How an AI-Applied Supply Chain Enables Efficiency

Today’s supply chains are laden with inefficiencies, as most companies rely on antiquated practices to oversee and manage how goods get from place to place. The supply chain is delicate — even one disruption among suppliers, buyers, and logistics providers can have a trickle-down effect that causes waste, time loss, and increased carbon emissions.

With the supply chain still managed manually, logistics managers are operating under intense pressure, with the sheer amount of data about material supply, demand, and transportation routes overwhelming. Even with machine learning providing managers with intelligent analysis, logistics managers can only react so quickly to the thousands of changes along a single supply chain. As managers are overburdened, their slow reactions to real-time problems and disruptions cause the supply chain inefficiencies that create higher costs, waste, and even greater environmental impact.

One way supply chains can become inefficient is when the supplier/buyer relationship falls out of sync when either the supplier runs out of a product or material, or buyers purchase too little of a material and suppliers are left with an excess. Changing demand can cause supply chain malfunction which, in turn, creates more inefficiencies and waste.

The effects of change in demand were evident during the pandemic when, panicked by the onset of the pandemic, consumers rushed to stock up on groceries and essentials like milk and paper goods. Despite causing empty shelves and in-store shortages, it also caused more waste. Some suppliers couldn’t adjust fast enough to the rush in demand. On the supply side, a sluggish supply chain left perishable goods stranded and unable to make it to shelves on time: Dairy farmers ended up dumping thousands of gallons of fresh milk.

Inefficiencies also take place on the logistics side of the supply chain. The moving of goods from one place to another often depends on truckers hauling loads across the country. When these loads are delayed or there is a shortage of drivers to get the goods from point A to point B, buyers and suppliers can incur increased costs. Beyond that the environmental impact of the supply chain increases because the number of trucks on the roads and the distance they are traveling are not optimized for the best loads and routes.

The U.S. alone has 15.5 million freight trucks on the road, with the average truck emitting 161.8 grams of CO2 per ton-mile – totaling more than 1.9 billion tons of greenhouse gasses per year. According to the EPA, the transportation sector is currently responsible for over 50 percent of total NOx (nitrogen oxides) emissions in the U.S. and over 30 percent of total VOC emissions (volatile organic compounds). An antiquated and overtaxed supply chain cannot address those inefficiencies, but AI can make logistics planning more efficient.

Supply chain inefficiencies are costly both for the business and for the environment. But a smarter approach to the supply chain can both reduce the costs and challenges that supply chain managers face, as well as address the effect of inefficiencies on carbon emissions and waste. The supply chain, when managed more effectively, can benefit both their business goals and become the simpler route to sustainability. With artificial intelligence applied to supply chain analysis and decision-making, businesses can reduce their costs, waste, and emissions.

AI seamlessly links all players in the supply chain (logistic providers, suppliers, and buyers) to form analysis, which can be used to further efficiency with automatic prediction and decision-making. With the data analysis, an AI can react by automatically making decisions to address real-time supply chain challenges to more efficiently move goods between suppliers, buyers, and consumers. Instead of relying on managers to make decisions, the AI can purchase materials, change allocations, reroute trucks, and rebalance supply systems as needed to reduce inefficiencies. Not only can AI make decisions faster, these platforms can also prioritize sustainable efforts to significantly reduce freight detention, deadhead mileage, and linehaul mileage.
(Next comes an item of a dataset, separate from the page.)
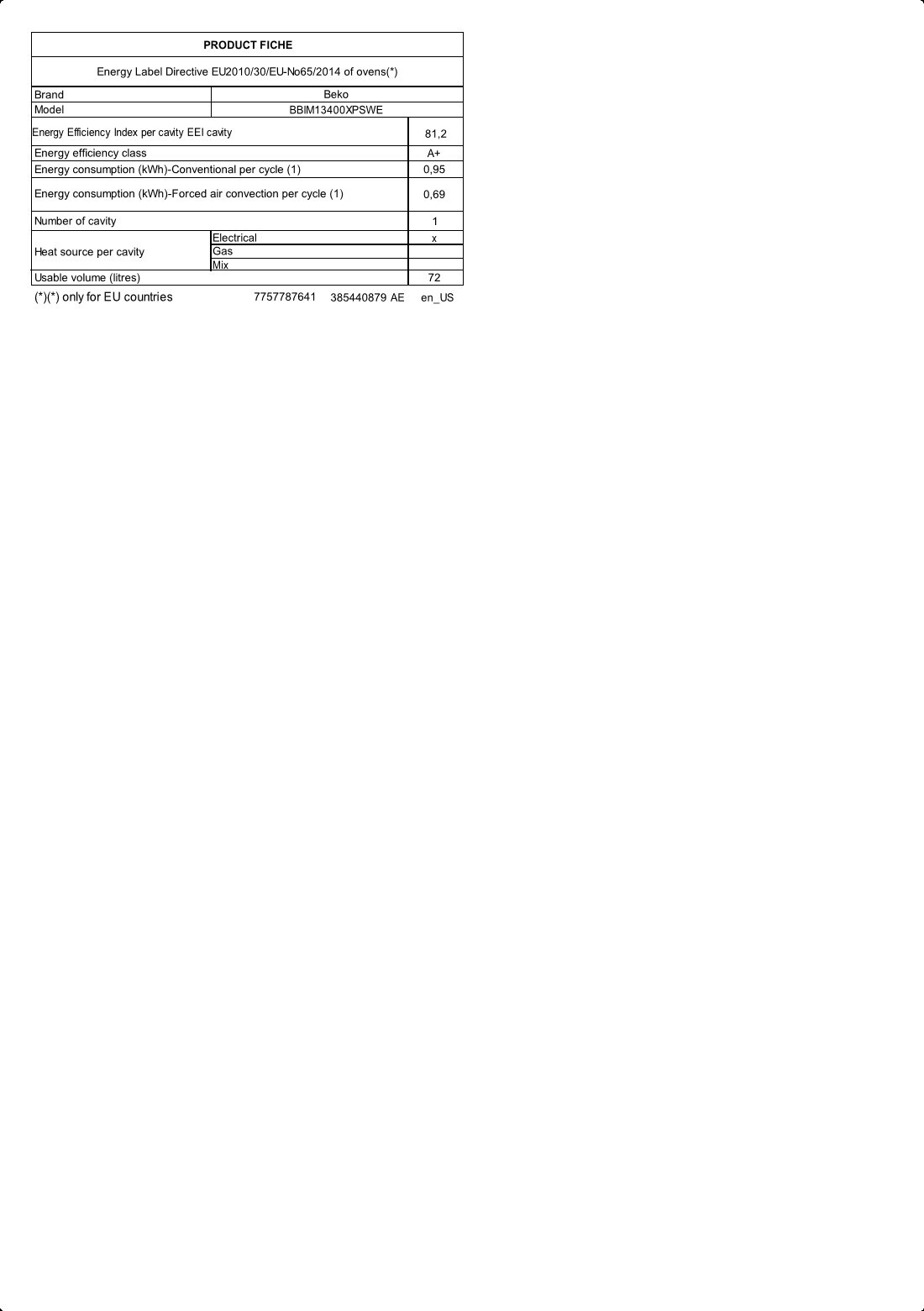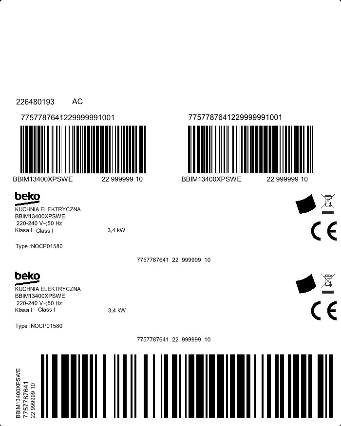 BBIM13400XPSWE: Piekarnik do zabudowy (60 cm 72 L)

Because companies of all industries contribute carbon emissions through transport of goods and air, emissions from freight are only expected to grow by 2025. This is despite many companies setting their sights on becoming carbon neutral or reaching Net Zero by 2030. Supply chain data and management can be the secret weapon to decarbonization. But the supply chain management process needs to shift from antiquated manual analysis to faster, smarter analysis with machine learning. Models are being trained to take in hundreds of thousands of data points about product demand, material supply, truck routes, and goods allocations, and identify inefficiencies.

With AI interwoven into the supply chain process, the burden on analysis and supply chain managers is lifted, allowing them to shift to long-term strategic planning. Rather than jumping into situations as they arise in real-time, managers can expand their view beyond daily supply chain challenges to consider future decisions that will continue making the chain more efficient. Companies like Halliburton have adopted a supply chain managed by AI, which has already shown effectiveness in eliminating downtime, reducing stockouts and cutting costs.

The supply chain updated with artificial intelligence not only reduces costs for companies in any sector, it can also be prioritized to reduce waste of goods and carbon emissions. In the path to carbon neutrality, the supply chain can be easily upgraded with AI to make any business more sustainable.